Умывшись и приведя себя в порядок, я спустилась вниз. В гостиной был накрыт завтрак, и от Саши, помогавшей прислуге, я узнала, что полиция уже прибыла и теперь работает в парке. Также Саша сообщила, что тело Алексея Гребнева обнаружили-таки с рассветом. Он был, как я и предполагала, мертв. Застрелен.
Подумав, я решила пройтись и поискать место преступления. Дочь управляющего сказала, что все считают Гребнева самоубийцей, но я в этом сомневалась и теперь хотела поговорить со Штольманом. Не думаю, что он будет рад моему присутствию, но, надеюсь, хотя бы выслушает.
Я припозднилась с подъемом, и все гости, позавтракав, устроились уже на веранде. Только Семенова не хватало и Трегубова.
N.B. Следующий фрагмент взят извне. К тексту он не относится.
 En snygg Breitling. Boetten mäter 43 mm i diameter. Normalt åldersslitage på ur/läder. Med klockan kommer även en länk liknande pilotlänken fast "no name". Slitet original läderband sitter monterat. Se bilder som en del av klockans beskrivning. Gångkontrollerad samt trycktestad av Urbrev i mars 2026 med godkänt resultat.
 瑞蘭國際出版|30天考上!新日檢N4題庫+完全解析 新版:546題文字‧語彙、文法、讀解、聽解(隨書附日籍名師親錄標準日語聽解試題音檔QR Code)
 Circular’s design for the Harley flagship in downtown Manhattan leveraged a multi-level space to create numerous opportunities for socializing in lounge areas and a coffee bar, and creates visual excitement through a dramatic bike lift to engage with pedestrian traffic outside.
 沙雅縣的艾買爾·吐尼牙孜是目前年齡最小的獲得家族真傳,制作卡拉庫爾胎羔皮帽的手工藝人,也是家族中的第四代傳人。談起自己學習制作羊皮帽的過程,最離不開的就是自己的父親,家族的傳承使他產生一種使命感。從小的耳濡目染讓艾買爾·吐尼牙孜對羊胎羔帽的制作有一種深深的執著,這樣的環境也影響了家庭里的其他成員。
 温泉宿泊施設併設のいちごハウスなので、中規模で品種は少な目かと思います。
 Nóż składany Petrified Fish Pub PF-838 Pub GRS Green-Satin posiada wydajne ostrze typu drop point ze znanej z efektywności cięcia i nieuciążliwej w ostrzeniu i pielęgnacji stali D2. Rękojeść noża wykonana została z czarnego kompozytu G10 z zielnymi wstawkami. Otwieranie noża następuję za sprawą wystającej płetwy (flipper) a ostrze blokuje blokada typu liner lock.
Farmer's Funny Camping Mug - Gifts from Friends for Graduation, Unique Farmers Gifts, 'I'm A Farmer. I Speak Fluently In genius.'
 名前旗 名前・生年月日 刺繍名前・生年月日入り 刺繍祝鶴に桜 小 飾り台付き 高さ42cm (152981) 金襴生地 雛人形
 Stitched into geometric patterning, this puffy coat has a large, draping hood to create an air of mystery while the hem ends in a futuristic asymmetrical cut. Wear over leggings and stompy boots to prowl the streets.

Но полицмейстер, полагаю, находился на месте преступления, а вот учитель мог быть где угодно. Впрочем, возможно, что он тоже проспал. Все мы вчера поздно легли, и при этом устали и замерзли.
Не было, разумеется, и Полонской. Я спросила Тропинина, как она чувствует себя, полностью осознавая нелепость данного вопроса. Ну, как может чувствовать себя женщина, только что потерявшая сына? Должно быть, Тропинин понял, о чем я, потому что лишь поблагодарил за участие и сообщил, что Елена Николавна предпочитает оставаться у себя покамест. Мне показалось неправильным, что в такую минуту несчастную женщину оставили в одиночестве, но вряд ли Полонская приняла бы мою помощь. Навязываться же лишь чтобы проявить участие, казалось мне неуместным. Лучше я попытаюсь помочь полиции, там от меня будет больше толку.
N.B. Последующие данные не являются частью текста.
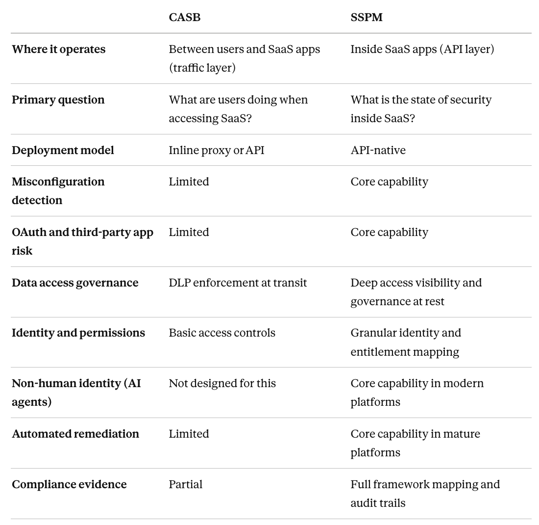 The key point? CASBs are strong at controlling the movement of data. SSPMs are strong at managing the state of your SaaS environment. These are related concerns, but they aren't the same concern.
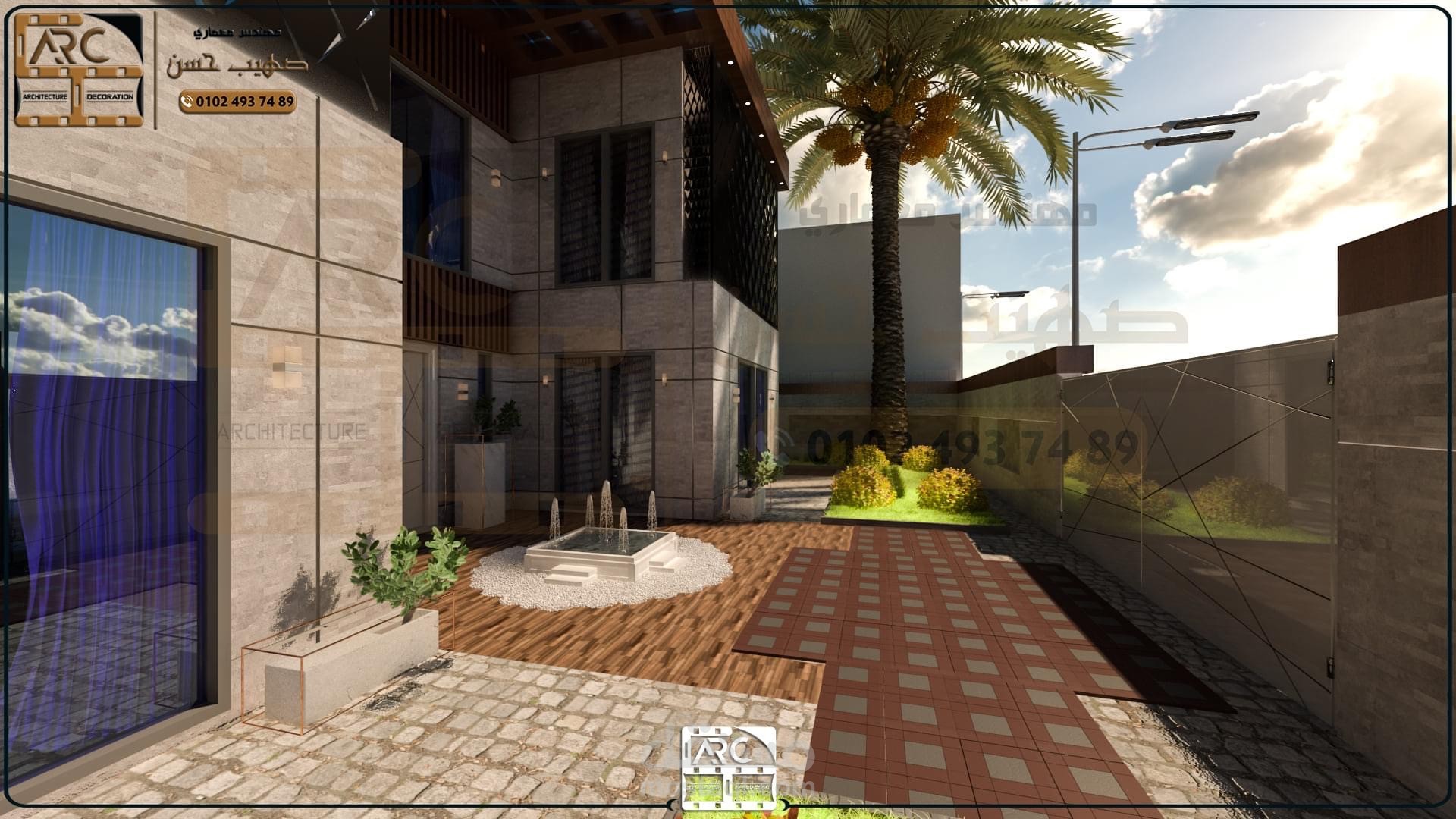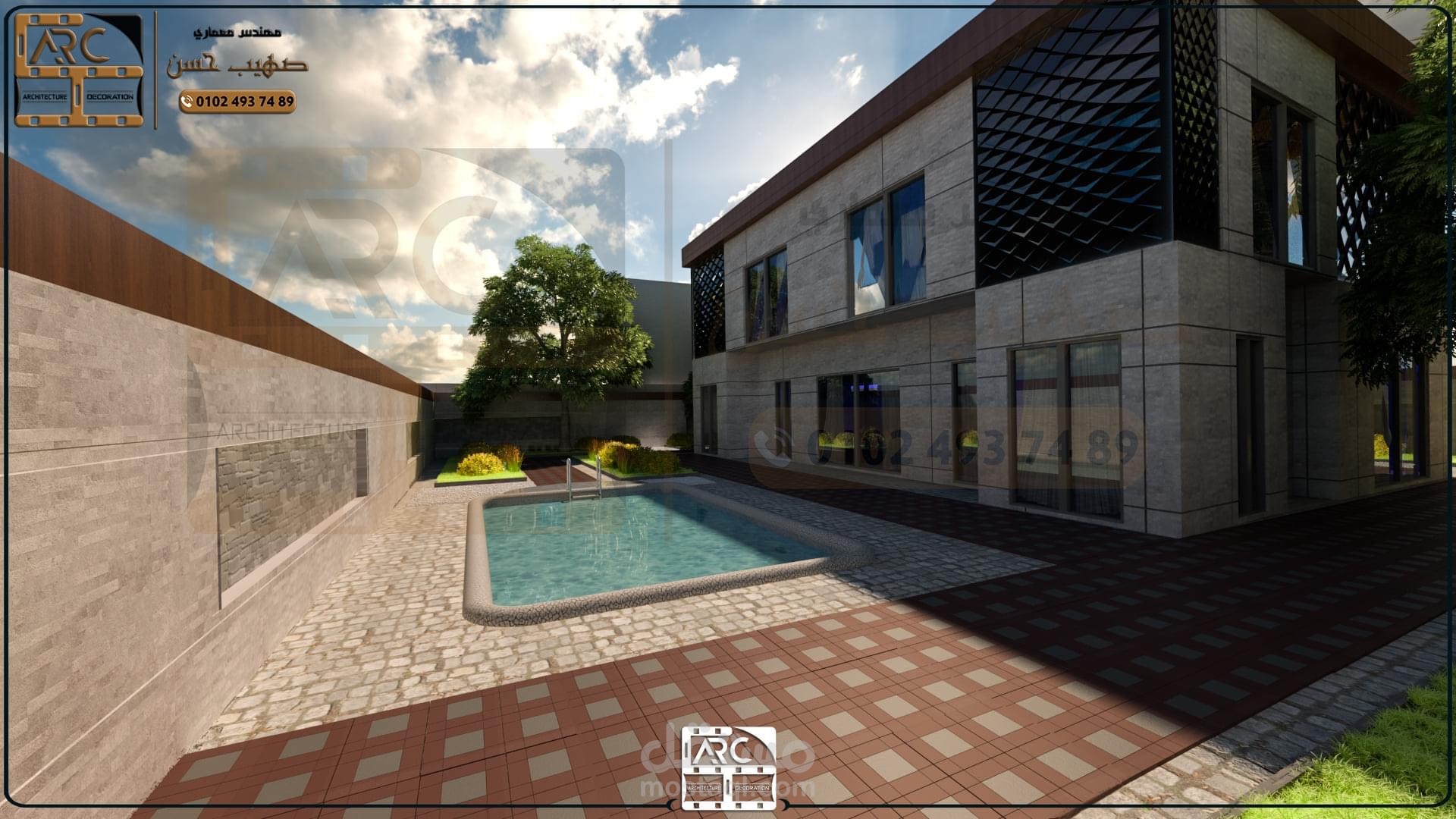 واجهات فيلا على الطراز الحديث بشمال الرياض بحمام سباحه ونافوره وتنسيق موقع

У двери веранды стоял городовой, отвечавший за то, чтобы гости не разбредались. Но мне довольно быстро удалось убедить его выпустить меня. В конце концов, я не подозреваемая. В момент выстрела я была на веранде, и это многие видели. Выйдя в парк, я прислушалась, пытаясь понять, куда мне идти. Надо было, разумеется, у городового спросить, но я, занятая убеждениями, об этом не подумала. Определив, как мне показалось, верное направление, я побрела по парку в поисках людей, но довольно быстро поняла, что ошиблась. Тогда я сменила направление, но и там никого не оказалось. Странно, куда же все подевались? Мне казалось, я слышала тут голоса.
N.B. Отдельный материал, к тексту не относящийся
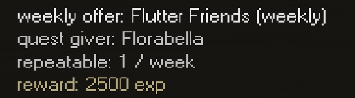 A new buddy can be found at Blobsie Gardens, this weekly quest refreshes every Monday at server reset (3 AM EST). Speak to the Florabella NPC, and click on the workbench behind her to craft the required items. Florabella will request 24 bouquets of one random type: Aeven, Starflower, Skyflower, or Ice Flower.
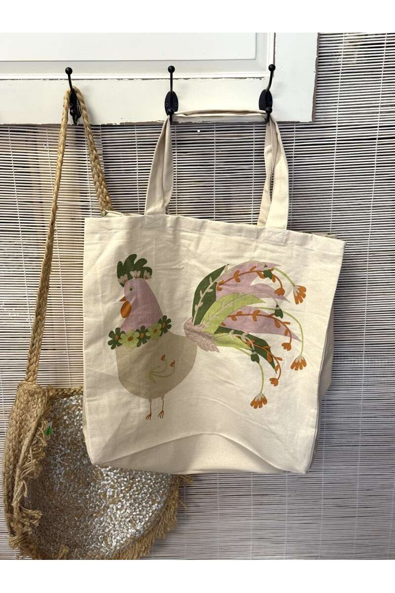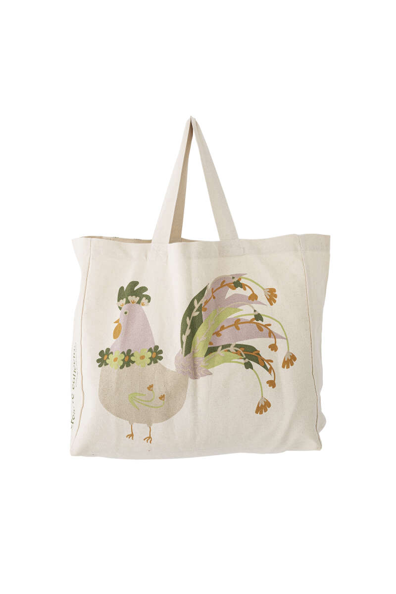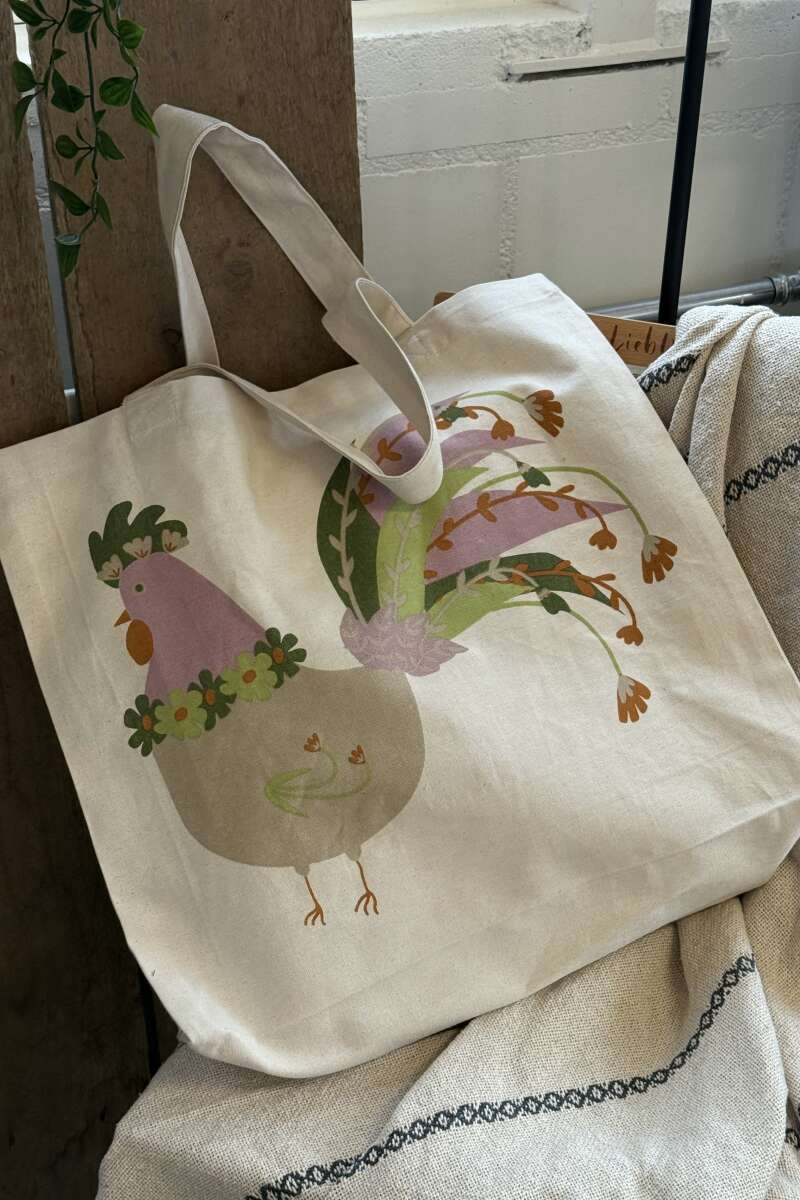 Die Joshua Tragetasche von Creative Collection ist eine charmante und praktische Tasche aus Baumwolle. Eine Seite der Tasche ist mit einem lustigen und farbenfrohen Druck einer Henne verziert, während die Rückseite ein Muster mit feinen Federn zeigt. Perfekt für den täglichen Gebrauch, egal ob beim Einkaufen, auf einem Ausflug oder wenn Sie einfach eine stilvolle Tasche für Ihre täglichen Besorgungen suchen. L47xH40xW16 cm
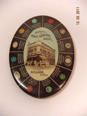 Title (ebay affiliate link): Vintage Antique FIRST NATIONAL BANK , BELLAIRE OHIO w/Birthstones Mirror

В пустом, туманном парке было жутковато, если честно. И все время казалось, будто кто-то наблюдает за мной из-за дерева. Но потом я поняла, что мне вовсе не кажется. Просто я снова ощущаю близость духа. Близость, но не присутствие. Должно быть, Алексей Гребнев не мог покинуть место своей смерти, но и показываться не желал. Я еле-еле ощущала его, потому и не распознала сразу. Надо же, какой упрямец. Впервые сталкиваюсь с таким отчаянным сопротивлением. Но ему со мной не справиться.
– Дух Алексей Гребнева, явись, – позвала я, вложив как можно больше силы в формулу. – Дух Алексея Гребнева, явись мне. Дух Алексея Гребнева, явись мне!
Внезапно раздался громкий треск, будто ветка сломалась под ногой. Мое сосредоточение нарушилось, и я оглянулась в страхе.
– Кто здесь? – что-то серое мелькнуло за кустами, снова затрещало. – Выходите, я вас вижу, – крикнула я прячущемуся.
Кусты зашевелились, и из-за них показался господин Семенов.
– Это вы? – удивилась я.
А я думала, он спит еще. Кто же его выпустил с веранды?
– А вы думали – кто? – спросил учитель.
– Никто, – ответила я. – Просто испугалась.
Мне и теперь было страшно. Я ведь шла в парк, уверенная, что быстро разыщу полицейских, а оказалась тут одна, а теперь и вовсе в обществе подозреваемого. Я ведь точно помнила, что Семенова не было на веранде в момент смерти Гребнева.
– А с кем вы тут разговариваете? – осторожно осведомился мой собеседник.
– Сама с собой, – ответила я ему резко.
Никакого желания беседовать с этим человеком я не испытывала. Он мне всегда не нравился. А кроме того, я вовсе не хочу заслужить неудовольствие господина Штольмана, прогуливаясь с потенциальным обвиняемым. Лучше мне вернуться в дом и там подождать. Яков Платонович непременно захочет допросить всех, так что придет. И как я сразу об этом не подумала-то?
Я быстро пошла в сторону дома, но Семенов и не думал оставлять меня в покое, заторопившись следом.
– А как вам удалось избежать заключения на веранде? – поинтересовалась я у него, поскольку молча идти рядом с этим человеком было еще страшнее.
– А я сразу ушел в парк, когда городовые стали всех собирать, – пояснил Семенов. Я взглянула на него с изумлением. Значит, он намеренно здесь оказался? – Вы не подумайте, что я хотел сбежать, – затараторил учитель. – Просто тоскливо там со всеми сидеть.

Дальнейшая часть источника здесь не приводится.